Sulle tracce dei santi sociali

1. I santi sociali

Nell'Ottocento una parte rilevante della popolazione torinese vive nell'indigenza assoluta. La mendicità è uno dei problemi più gravi da risolvere. La sopravvivenza di quasi un quarto degli abitanti è affidata alla pubblica beneficenza. Alcuni sobborghi sono talmente malfamati da essere sconsigliati alle persone perbene. In un ambiente così degradato operano alcune persone, di differente estrazione sociale e di diversa formazione culturale, che si prodigano nell'aiuto di tutti gli emarginati: sono i cosiddetti Santi sociali. I marchesi di Barolo, Giulia (1786-1864) e Tancredi (1782-1838) si dedicano all'assistenza dei bimbi orfani, delle ragazze sole, delle carcerate; Giuseppe Benedetto Cottolengo (1786-1842) fonda la Piccola Casa della Divina Provvidenza per dare asilo agli ammalati poveri, agli handicappati bisognosi di cure e ai bimbi derelitti; Giuseppe Cafasso (1811-1860) si dedica all'assistenza dei carcerati e dei condannati a morte; Giovanni Bosco (1815-1888) fonda i Salesiani per l'educazione della gioventù; Francesco Faà di Bruno (1825-1888) dà asilo alle ragazze provenienti dalla campagna; Leonardo Murialdo (1828-1900) aiuta i giovani a inserirsi nelle attività artigianali e Giuseppe Allamano (1851-1926) fonda i Missionari che invia in aiuto ai popoli più sfruttati nel mondo. Questi santi si dedicano, con passione e fede cristiana, ad aiutare coloro che soffrono nell'indigenza e nell'oppressione.

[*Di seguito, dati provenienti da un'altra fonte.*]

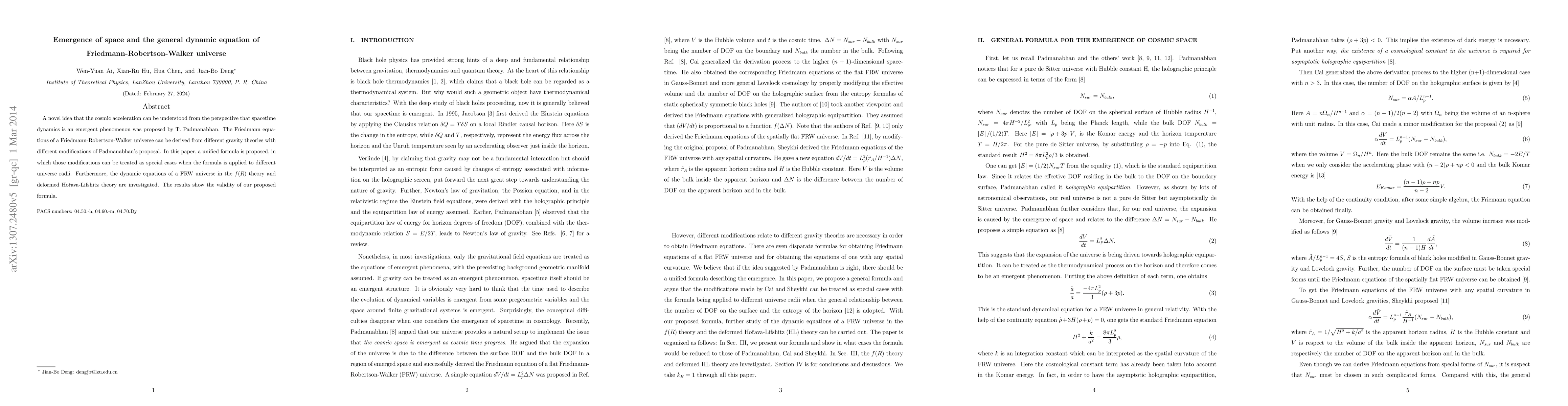 A unified formula for the Friedmann-Robertson-Walker universe is proposed, showing validity in different gravity theories, including $f(R)$ theory and deformed Ho{ {a}}rava-Lifshitz theory.
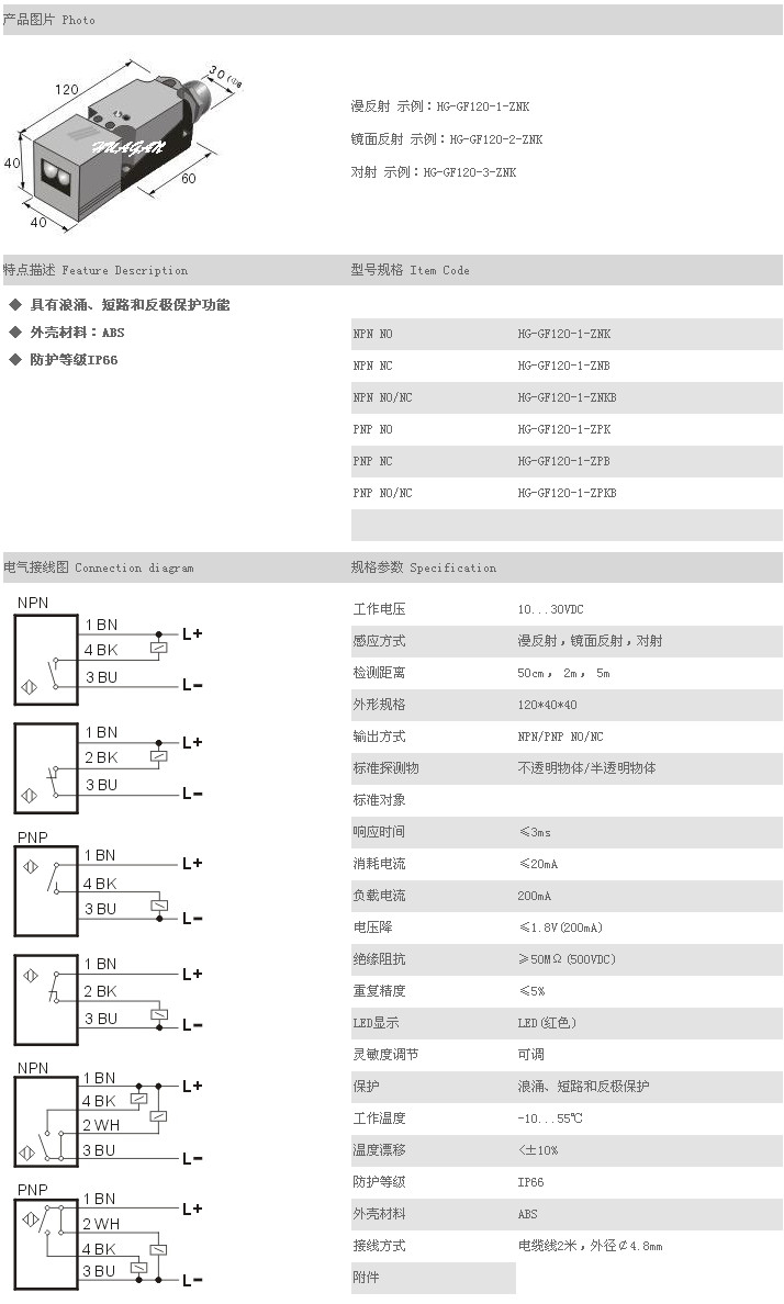 詳細(xì)信息 方型光電開關(guān)/傳感器 HG-GF120-1-ZNK,HG-GF120-1-ZNB,HG-GF120-1-ZNKB,HG-GF120-1-ZPK,HG-GF120-1-ZPB,HG-GF120-1-ZPKB,
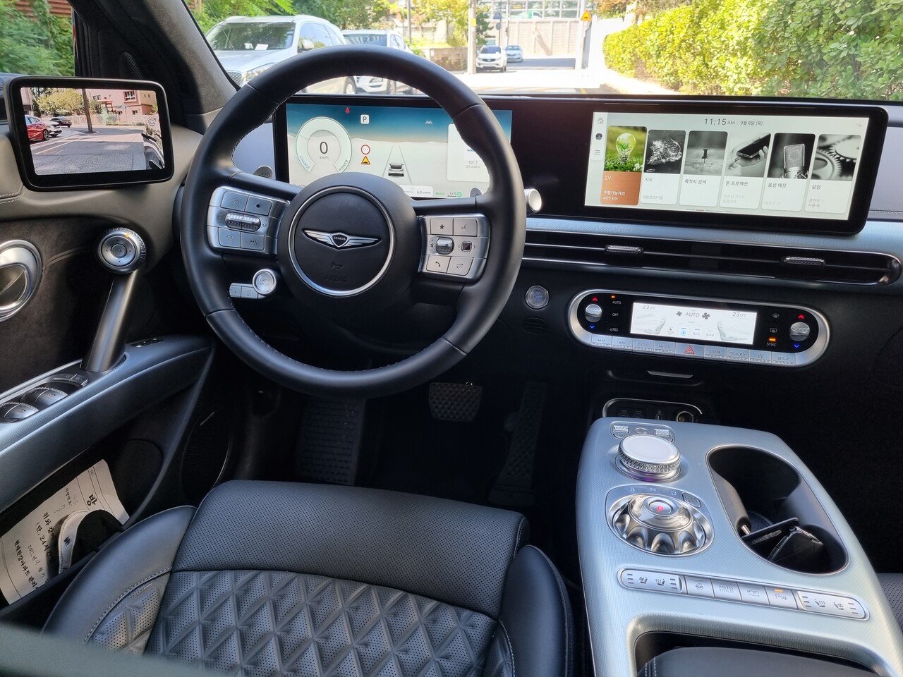 적응이 쉬운 디지털 사이드미러, 대형 헤드업디스플레이, 다각도 서라운드뷰, 센터페시아 하단의 썬글라스 케이스, 공기청정기능, V2L 등 옵션들은 GV60의 가치를 더욱 높이는 요소였다.
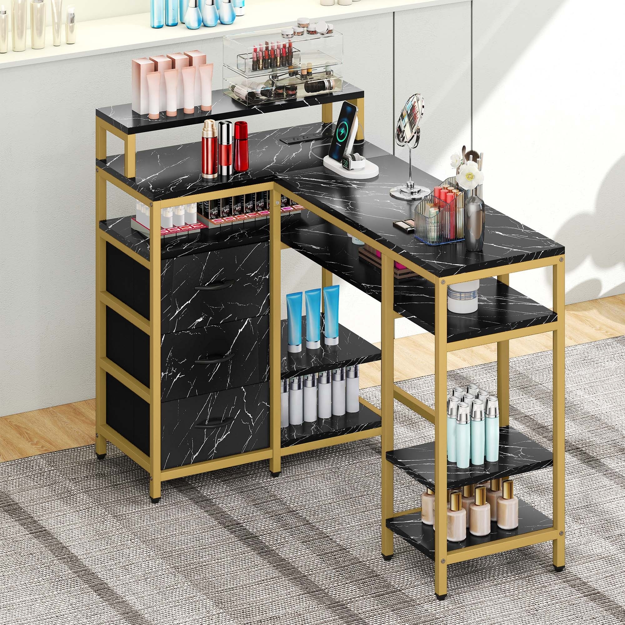 Reversible Vanity Desk with 5 Drawers, Glossy White Dressing Table
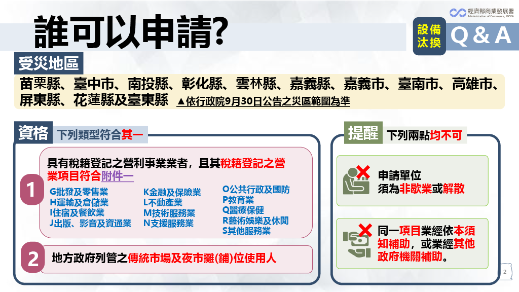 本補助依行政院公告含0923花蓮馬太鞍溪堰塞湖災害,有需求業者可參考須知及說明提出申請!
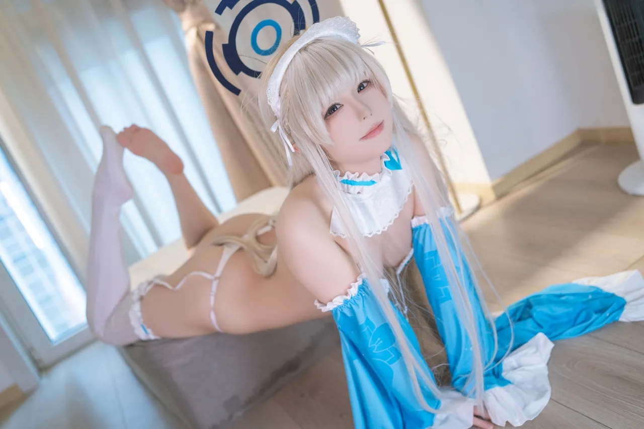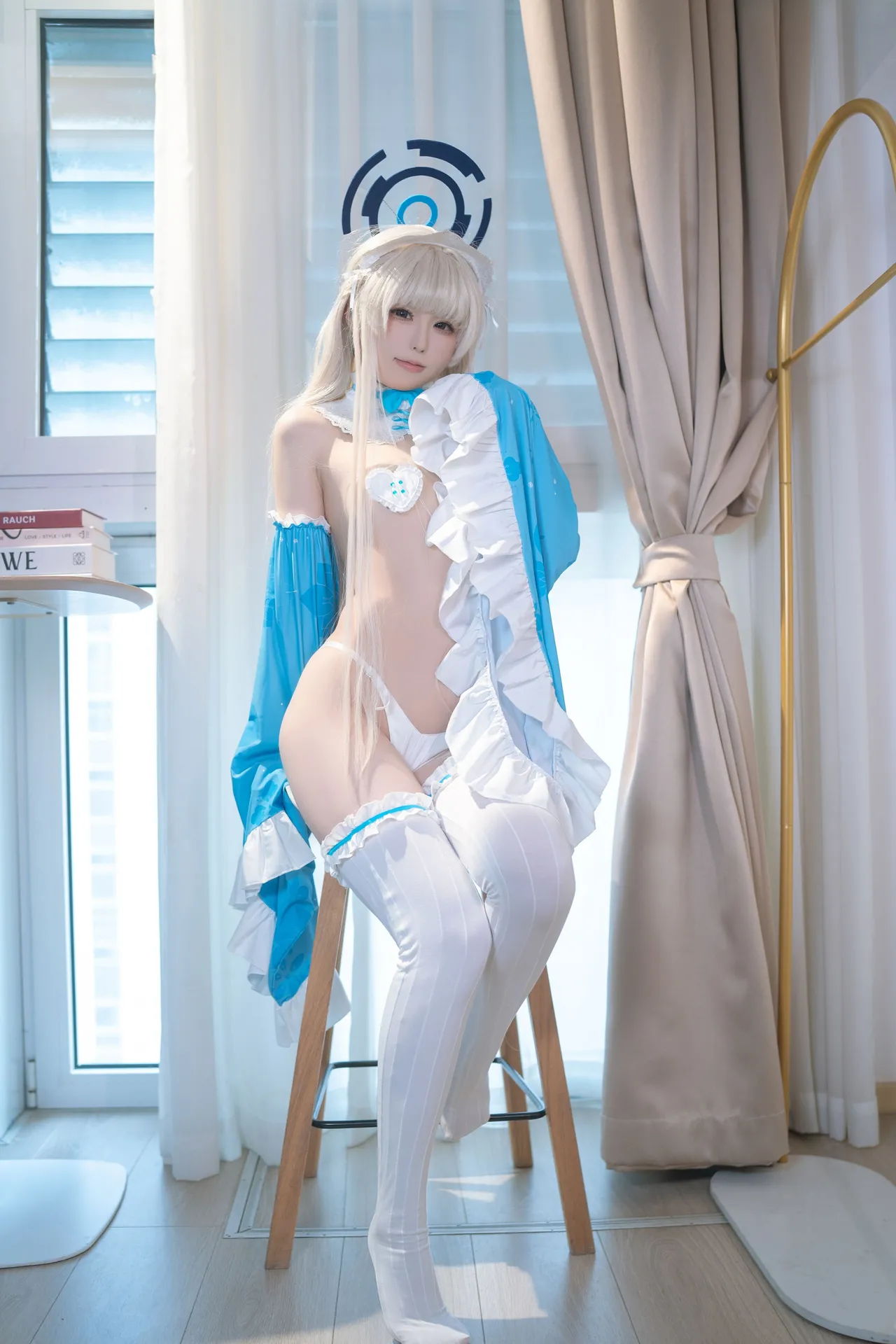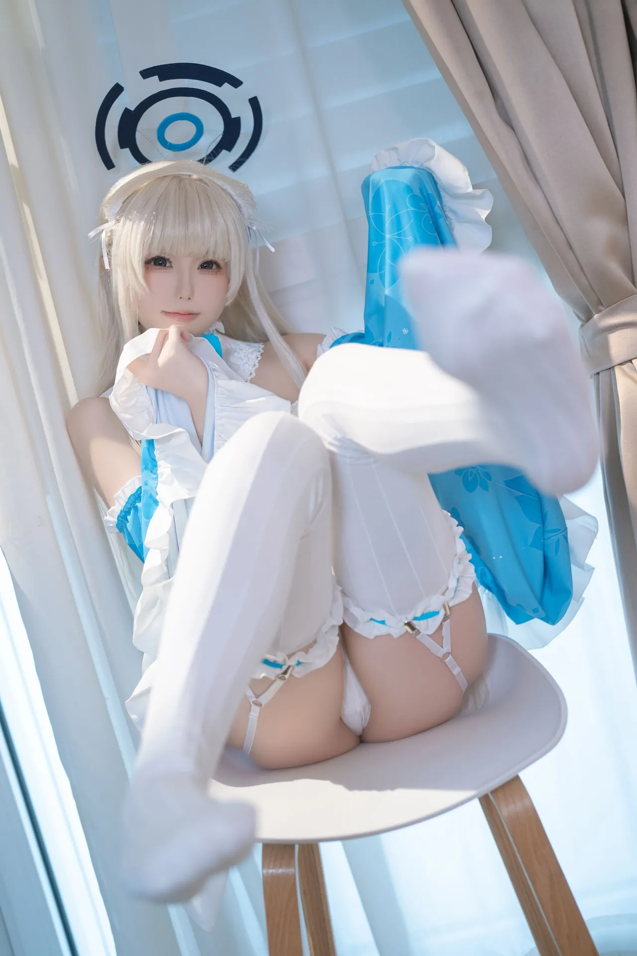 Tags: Blue Archive, detached sleeves, garter belt, Halo, hentai cosplay, Makeup, stockings, toki asuma, very long hair

2. Dalla Consolata a Valdocco

Il percorso inizia dal santuario della Consolata dove san Giuseppe Cafasso, confessore di Don Bosco, è ricordato nell'urna di Anacleto Barbieri e prosegue fino al Rondò d'la Forca dove un monumento, voluto da tutti i carcerati d'Italia, ne ricorda la pietosa opera di assistenza. Tocca la basilica si Maria Ausiliatrice, costruita nel 1866 sul luogo indicato in sogno a don Bosco. La Basilica è al centro del complesso che comprende la cappella delle reliquie, la cappella Pinardi, la chiesa di San Francesco di Sales, le Camerette di don Bosco e tutti gli edifici, ampliatisi nel tempo, dedicati alla formazione spirituale e professionale della gioventù  (nn.1 - 4).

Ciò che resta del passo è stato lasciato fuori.